Will An Incident Become A Problem?


I have often come across discussions and queries regarding when an incident would become a problem. Interestingly, I have found that some of my co-consultants and many practitioners of ITIL, despite being ITIL certified at various levels themselves, provide various reasons for the same. Some of the ‘so called’ conditions when an incident would become a problem are:-
  • When there is a major incident
  • When the incident approaches SLA breach time
  • Business impact of incident is very high
  • Etc.
The fact is an incident never becomes a problem.

In generic terminology or layman’s language, incidents are referred to as problems. But such explanations are not expected from an ITIL certified individual.

Let us see how ITIL defines incident and problem:

  • ITIL defines incident as an unplanned interruption to an IT service or a reduction in the quality of an IT service.
  • ITIL defines problem as unknown cause of one or more incidents.
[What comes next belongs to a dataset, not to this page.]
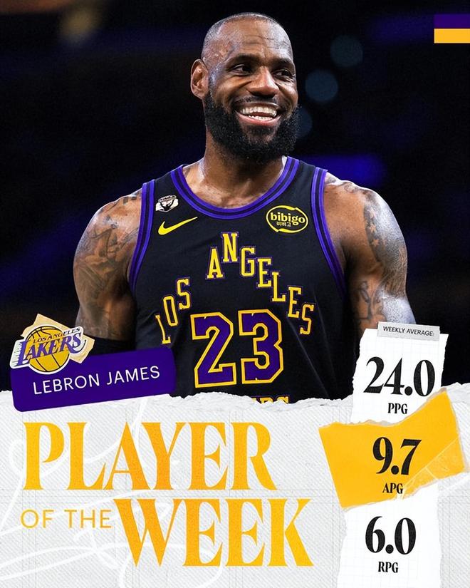 詹姆斯当选常规赛最后一周西部周最佳球员,他场均贡献24.0分、9.7次助攻和6.0个篮板,带领球队在缺少另外两大核心的情况下拿下胜绩。

Let us take an example to understand difference between the two – Your PC hanged and that happened quite frequently. Every time you rebooted your PC, it started working fine. Eventually, you called the support team. They checked your PC and installed a patch. Thereafter, your PC never hanged.

The condition when your PC hanged was an incident. You resolved that incident by rebooting it. It was a workaround. Finally, when the support team checked your PC, they did a root cause analysis. It was a problem. They provided resolution to this problem by installing the patch.